Sa voix tremblait, prise dans un entrelacs de peur et d’espoir, et les mots se succédaient sans ordre, chaque question se répétant comme si en poser davantage pouvait effacer le doute. Elle ne remarqua pas ruisseler les larmes sur ses joues, ni ses mains moites qui agrippaient le corsage de la femme devant elle, le tachant légèrement de cette sueur née de l’angoisse.

Celle-ci, visiblement épuisée elle aussi, esquissa un sourire faible mais bienveillant. Elle posa doucement sa main sur celle d’Abi, un geste instinctif pour calmer la tempête qui grondait en elle.

— Tout ira bien, mon enfant, murmura-t-elle d’une voix presque éteinte.

La fille sentit ce contact comme une ancre dans un océan déchaîné.
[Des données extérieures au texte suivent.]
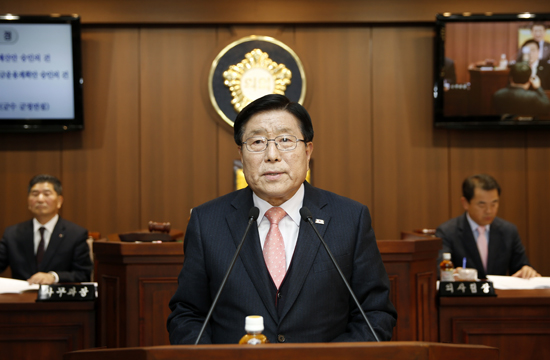 한상기 태안군수가 지난 8일 태안군의회 본회의장에서 열린 ‘제230회 태안군의회 정례회’에서 시정연설을 통해 ‘2016 군정 6대 역점과제’를 발표하고 지역경제 활성화와 선진 자치 군정 구현 등 내년도 청사진을 밝혔다.

Elle se mit à hoqueter, ses sanglots devenant plus évidents, et la femme semblait sur le point de parler, sans doute dans la bonne grâce de lui offrir ces réponses qu’elle attendait désespérément. Mais avant qu’elle n’en ait le temps, une voix masculine s’éleva derrière elles.

— Madame Oswald ?

Abigaël se retourna brusquement, croisant le regard d’un médecin qui avançait à grands pas vers elles. Il portait une blouse immaculée et une expression neutre, maîtrisée, mais il y avait dans son regard une pointe d'effroi, comme s’il portait sur ses épaules plus qu’il ne pouvait en dire. Lorsqu’il reconnut la nouvelle venue, il s’arrêta en bref, souriant de manière formelle.
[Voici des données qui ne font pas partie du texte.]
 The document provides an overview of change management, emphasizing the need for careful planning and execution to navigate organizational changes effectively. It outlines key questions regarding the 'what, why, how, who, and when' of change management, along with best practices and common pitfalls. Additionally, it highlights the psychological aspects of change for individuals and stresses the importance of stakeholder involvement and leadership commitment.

— Oh ! Bonjour, mademoiselle Graham… Veuillez me suivre, Madame Oswald.

La femme à ses côtés, Madame Oswald, serra ses mains avant de hocher de la tête. Elle sembla hésiter, comme si elle voulait dire quelque chose d’important, mais le moment lui échappa. Tout ce qu’elle parvint à articuler fut un murmure doux et empreint de sollicitude :

— Prends soin de toi, ma fille. Je reviendrai.

Et puis, en quelques instants, elle disparut derrière le clinicien, laissant Abigaël seule dans le vaste couloir.

Le silence qui s’installa alors était presque insupportable, amplifié par l’écho des pas s’éloignant. Abigaël statufiée, ses bras tombant mollement le long de son corps, ses mains encore humides, clignait des yeux plusieurs fois. La pauvre essayait tant bien que mal de comprendre ce qui venait de se passer, mais tout restait flou, comme si son esprit refusait d’assembler les pièces du puzzle.

Le vide autour d’elle devint une réalité. Elle se sentit minuscule, perdue dans un espace trop grand, trop froid. Le murmure distant des infirmières, le grincement d’un chariot métallique, le bourdonnement feutré des machines… Tout cela formait une mélodie étrange, presque irréelle, qui ne faisait qu’accentuer son sentiment d’abandon.

Elle voulait pleurer encore, crier peut-être, mais ses émotions étaient comme suspendues, piégées dans un étau. Les seuls mots qui gardaient son esprit encore intact étaient ceux de Madame Oswald : « Prends soin de toi. » Mais comment pouvait-elle le faire alors que tout semblait s’effondrer et se recréer autour d’elle ?

Elle se laissa glisser contre le mur vert pastel, s’asseyant sur le sol glacé du couloir. Là, seule avec ses pensées tourbillonnantes, elle attendait. Pour quoi, elle ne savait pas exactement. Mais une part d’elle espérait, de manière presque déraisonnable, que la prochaine personne qui franchirait ce couloir lui apporterait enfin des réponses ou, au moins, un semblant de soulagement.

Car, en dépit de tout, César Oswald s'éveilla de son coma après plus 3 ans 1 mois et 12 jours.